Ficha de libro
De vuelta a casa
De vuelta a casa
Esta novela es, ante todo, un archivo familiar que se niega a quedarse quieto: empieza con una escena casi mítica —una casa en el campo, un verano que debería ser simple— y lo convierte en expediente abierto. En 1959, en un rincón rural de Australia, la familia Turner aparece muerta; solo falta el padre. Décadas después, Jess, periodista asentada en Londres, vuelve para cuidar a Nora, su abuela, tras una caída. Y en ese regreso hay algo más que deber: la sensación de que el pasado se guardó con demasiada educación. Morton arma el misterio como si montara un escenario: cada objeto es utilería, cada silencio tiene backstage. Lo que parece una investigación periodística se vuelve una indagación sobre cómo se hereda el dolor y cómo una familia puede reescribir su relato para sobrevivir.
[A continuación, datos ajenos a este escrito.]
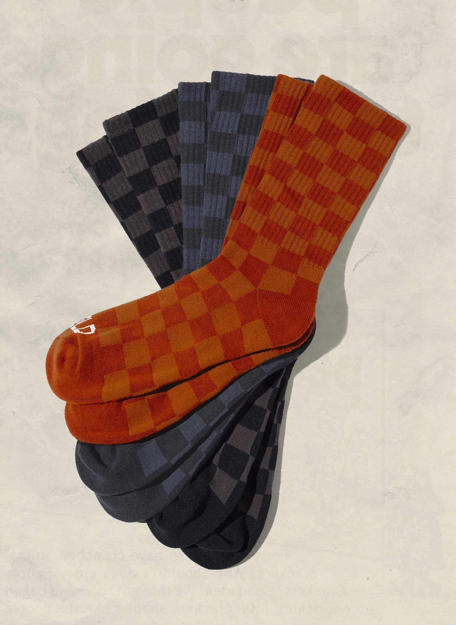 A classic pair of crew socks made in our signature tonal checkerboard print… dig it? Designed with soft cotton in a weight that’s the perfect amount of thickness, these comfortable socks will upgrade your usual rotation. * 76% Cotton 22% Polyester 2% Elastane * Fits adult shoe size 9-11 * Variety of earth-toned checkerboard colors available

Jess no solo busca qué pasó aquella noche; busca quién era su madre antes de ser madre, quién era Nora antes de ser abuela, qué pactos se hicieron en voz baja y qué rencores se dejaron fermentar bajo una cortesía impecable. El contexto pesa: la Australia de posguerra, con su mezcla de esperanza y rigidez social, marca lo que se puede decir y lo que se castiga. La novela alterna tiempos y puntos de vista con paciencia, dejando ver las costuras del recuerdo: lo que se omite, lo que se repite, lo que se embellece para que duela menos. Australia no es postal; es territorio emocional, con calor, polvo, distancias que aíslan y una comunidad pequeña donde la vergüenza circula rápido. Londres aparece como contraste: la prisa por cerrar historias, por convertir vidas en titulares, por llamar verdad a lo que cabe en una columna.
En la obra de Morton, De vuelta a casa funciona como una síntesis madura: conserva su gusto por las casas con historia y las mujeres que sostienen hilos invisibles, pero lo vuelve más incisivo al hablar de maternidad, reputación y de la violencia que puede camuflarse de normalidad doméstica. Al final, lo que queda no es solo el quién, sino el porqué: la certeza de que una familia puede amar y herir con la misma mano, y que a veces la verdad llega tarde, pero llega.
Por qué embarcarte en este libro
Leerlo hoy es casi un antídoto contra el ruido: en vez de la revelación fácil, te ofrece una verdad que se construye con capas, como una investigación que también es duelo. Si te interesan las historias donde el misterio sirve para hablar de familia, reputación y silencios heredados, aquí hay material. Ojo: su placer está en el detalle y en el tempo largo; si buscas acción inmediata, puede exigirte paciencia.
Si estás dudando entre varias novelas de secretos familiares, esta ya trae el filtro hecho. Es una brújula: no te empuja, pero te orienta hacia la historia que hoy te conviene llevarte.